Today is the feast of the Assumption. Yesterday was the day that I fell into a sin (among, unfortunately, other sins) that I hadn’t fallen into since I was a teenager. In fact, this particularly troublesome sin was one I hadn’t even thought to be on guard for, it had been so long since I had been tempted to it. And then, bam!, there I went falling into it without even realizing. It really sucked.
I was texting a good friend of mine about it, and he told me that when we fall back into sins like this,
It gives us some small glimpse of what life would be like if we completely abandoned God…because as bad as I am, I would be so unspeakably worse without grace.
This is not unlike the reality of Mary. See, before there was Mary, the world wasn’t just getting a small glimpse of what life was like if we completely abandoned God. In the words of St. Athanasius, humans, post-Fall, were “in the process of becoming corrupted entirely, and death had them completely under its dominion.” We were getting the home run equivalent to seeing life without God. Yet, despite the darkness that our hearts can hold, we also have Mary of whom, alone out of all human persons, we can proclaim et macula non est inte—there is no blemish in you.
In her fiat, our Blessed Mother is the cause of our hope: she is the cause of our hope as the Theotokos, the Mother of God, and she is the cause of our hope because she is the first fruit of Christ’s salvific mission. Turning to the second of these, the Church reiterates and reaffirms the title St. Gabriel addresses the Blessed Virgin by: “full of grace.” In exploring this title, then-Cardinal Josef Ratzinger (a.k.a Pope Emeritus Benedict XVI) wrote that
Grace in the proper and deepest sense of the word is not something that comes from God, it is God himself. Redemption means that God, acting as God truly does, gives us nothing less than himself… ‘Full of grace’ therefore means, once again, that Mary is a wholly open human being, one who has opened herself entirely, one who has placed herself in God’s hands boldly, limitless, and without fear for her own fate. It means she lives wholly by and in relation to God.
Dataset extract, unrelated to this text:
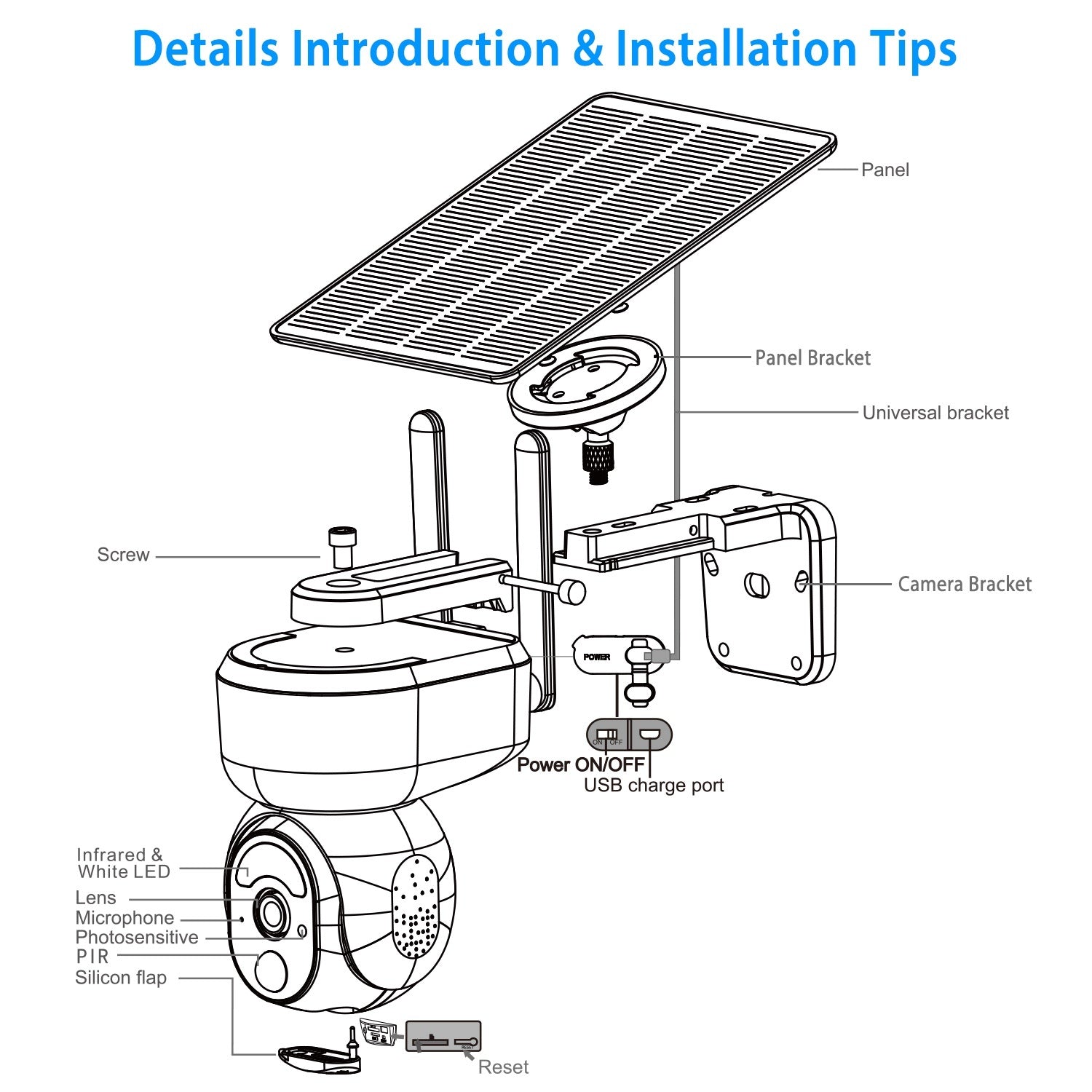 *USB & Solar Powered*:Powered by 9000mAh lithium battery and equipped with solar panel and Wi-Fi antenna,ensure eternal power. No hassle of removing the camera to charge. It also can be recharged via USB cable about 8 hours for fully charged. It can be placed on the desk for indoor use or installed on the wall with solar panel for indoor/outdoor use. IP66 waterproof allows the camera to withstand heavy weather like rainy and snowy day. No need to worry when installed outside.

In this, Mary is wholly and radically embraced by divine love. Her fiat, her Yes is, as Ratzinger says later, “wholly grace” all the while remaining no less wholly hers. The grace Mary received “does not cancel freedom; it creates it.” This is the hope we have in Mary as the first fruit of Christ’s mission: Mary was given the grace not merely to obey the word of God, Mary was given the grace to carry within her own flesh the very Incarnate Word of the Father.
This sounds an awful long way from falling into/throwing ourselves into sin. Yet, the impossibility of Mary is what gives us hope. That any human should be graced to offer such a profound Yes to conformity with God, that any human should be without stain, is astonishing. This is, perhaps, a small part of why so many of Our Lady’s feast days are holy days of obligation: without Christ, Mary could not have had the freedom found in grace to be most fully herself. If God can preserve Mary from all sin, it seems that it is possible that He will one day overwhelm me with His love, preserving me from all sin.
If any human can say Yes to God in the profound way that Mary could, there is hope that I could say Yes to God sufficiently that I might become a saint. Mary is the Mother of God, and how easy and hard that is. Easy for God and hard for her. But if she can be humble enough to be immaculate, perhaps even when I sin, I can be humble enough to reach out and touch the hem of the garment of my God.
I’m not saying habitual sin doesn’t suck. I’m not saying that revisiting sins you know you’ve overcome, only to find that you haven’t so much overcome them as that they’ve been dormant like cicadas, isn’t a rather day ruining realization. And, I’m not saying that we will never sin again, because we have those inclinations and we likely will. We might even feel all the guilt and shame that come from failing at something we desperately want to do well.
But what I am saying is that Mary is without sin. Mary is the Mother of God. Mary said and continues to say the most profound Yes and profound acceptance of God’s will that any human person ever has, a Yes that gave her a child, a Yes that pierced her heart, a Yes that saw her watch her Child die a horrific death. Yet, she did not suffer the grave. She was Assumed, body and soul, into Heaven to be with the Son who suffered that horrific death for her sake. He also suffered that horrific death for our sake, so that we might die to the world and rise in Him. Mary’s life manifests the profound love of God: the world was in darkness and one of our own was called to bear forth the Light.
When our own lives become dark with sin, I have realized that I need to turn to God and pray that He with send forth His Light into my life. After all, the Virgin birth/earthly mission/dying/rising from the dead/sending forth of the disciples part was the hard part, and that already happened.
The world collectively was at least as bad as I am in my worst moments, and God loved us enough all together to do so many impossible things. How much more ought I to hold on to hope that, no matter how dark it seems, He can still love me, He can still forgive me, and He can still redeem me. Mary received the grace to be conceived without sin and assumed into Heaven. I simply need the grace to confess my sins and return to Him. If He can do such wondrously difficult things for Mary, I can pray with confidence and hope even when I have fallen that He will be able to love me anyway.